A juíza Marina Sena deferiu o pedido liminar, no dia 22 de maio, e decretou a indisponibilidade de bens, no valor de R$345.924,60, do ex-prefeito de Arcos, Claudenir José de Melo (gestões 2009/2012 e 18 de agosto de 2014 a 31 de dezembro de 2016); de uma servidora pública municipal que foi presidente da Comissão de Licitação na gestão anterior; de um servidor público municipal que foi secretário de Obras na gestão anterior e que, na condição de engenheiro, era um dos encarregados de fiscalizar obras e serviços; do ex-secretário municipal de Planejamento, engenheiro que também era encarregado de fiscalizar obras e serviços; do sócio-administrador da Construtora “A” Ltda e também sócio da hoje extinta Construtora “T”; de dois representantes legais da extinta pessoa jurídica Construtora “T” (ambos filhos do sócio-administrador da Construtora “A” Ltda e da hoje extinta Construtora “T”, aqui citado anteriormente); da Construtora “A”.  

O Ministério Público (MP) – por meio do promotor Eduardo Fantinati  – propôs à Justiça, no dia 3 de maio, em face dos oito réus citados acima, uma Ação Civil Pública por Ato de Improbidade Administrativa.
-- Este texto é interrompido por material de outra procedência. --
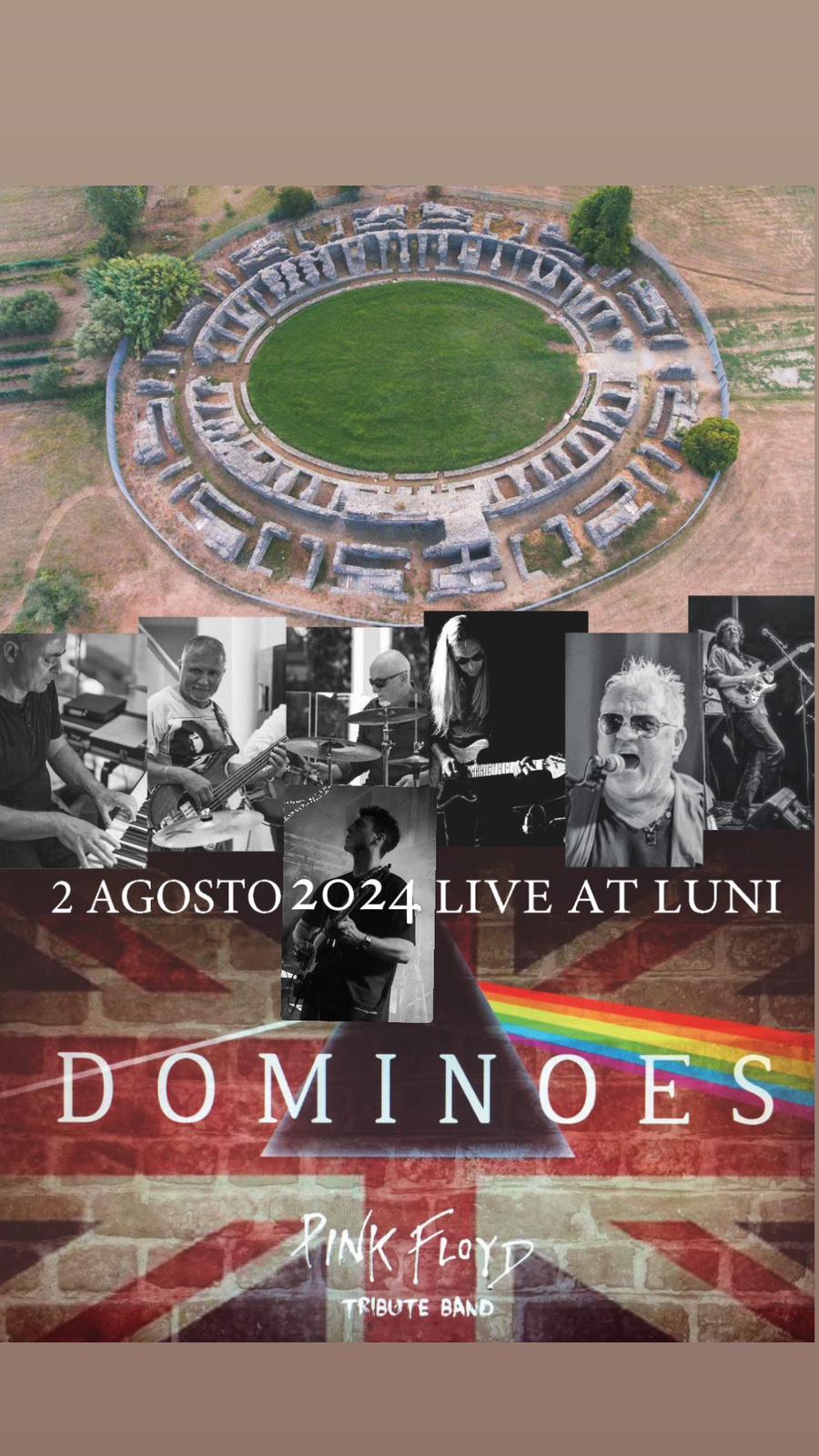Venerdì 2 agosto alle ore 21 all' Anfiteatro di Luni arriva “DOMINOES” con lo speciale tributo ad una delle band più iconiche della storia della musica i Pink Floyd.

O Inquérito Civil que instrui a ação – para apurar irregularidades no processo licitatório que culminou na contratação da Construtora “T” para a execução de construção de placas de cimento no cemitério público de Arcos, durante o exercício 2011 – foi instaurado no dia 15 de novembro de 2011. Antes disso, em 4 de setembro de 2011, o Portal CCO noticiou que uma placa de túmulo havia quebrado em cima de um caixão no cemitério municipal de Arcos, quando foi verificado o uso de bambu em vez de ferragem.

 

Suspeita de disputa “forjada” no Processo Licitatório – O MP analisou a cópia do processo licitatório 228/2010, cujo objeto foi contratação de empresa para execução de serviços de manutenção, conservação e realização de sepultamentos, com construção de carneiras, no cemitério Municipal, no exercício 2011, tendo como empresa vencedora a Construtora “T”.  Foi verificado que, formalmente, apenas duas pessoas jurídicas participaram da licitação: Construtora “T” e Construtora “A”. Uma vez que a Construtora “A” não apresentou toda a documentação solicitada no edital, a mesma foi declarada inabilitada e a Construtora “T” foi julgada como vencedora. A oferta foi no valor aproximado de R$70 mil, quase o valor limite permitindo pelo edital.  A licitação foi homologada pelo ex-prefeito.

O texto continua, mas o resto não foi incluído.